Mais la fin de la journée s’écoula sans que le téléphone de Sélène ne vibrât. Le lendemain, idem. Que faisait Léo ? Il n’avait pas vu le message. Enfin, officiellement. Car ses notifications auraient dû l’avertir d’une nouvelle communication, non ? Mais rien. Toujours rien. Au fil des jours, l’adolescente perdit espoir. Elle essaya de penser à autre chose, d’éviter Norelia et toutes ces questions. Six jours passèrent ainsi.

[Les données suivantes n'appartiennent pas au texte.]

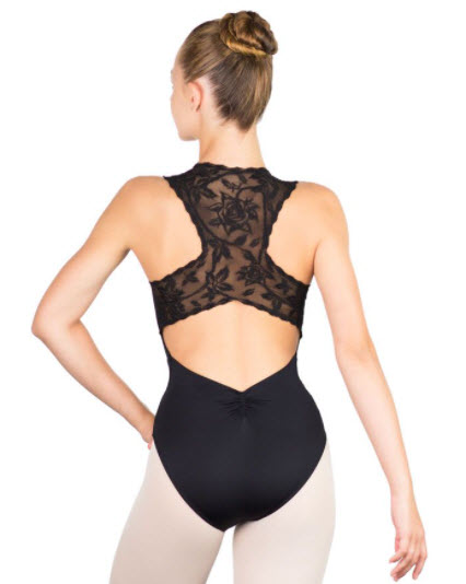 MAILLOT GINGER de la marca Ballet Rosa Maillot de la colección CHANTILLY Confeccionado en microfibra y malla bordada con detalles florales en la parte trasera Cuello pico con cierre de cremallera d...

La réponse de Léo n’apparaissait toujours pas dans ses notifications.
Léo
Je revois exactement le moment où j’ai sorti mon téléphone de ma poche pour écouter de la musique. Il y avait un message. De Sélène. Je me souviens de toutes les pensées qui m’ont traversé l’esprit. Il y a à peine une heure, je contrôlais plus ou moins ma vie. Elle devenait gentiment une catastrophe, mais je la voyais encore venir. Elle s’est débrouillée pour me le dire, finalement. Me demander la seule chose dont elle n’aurait pas dû me parler.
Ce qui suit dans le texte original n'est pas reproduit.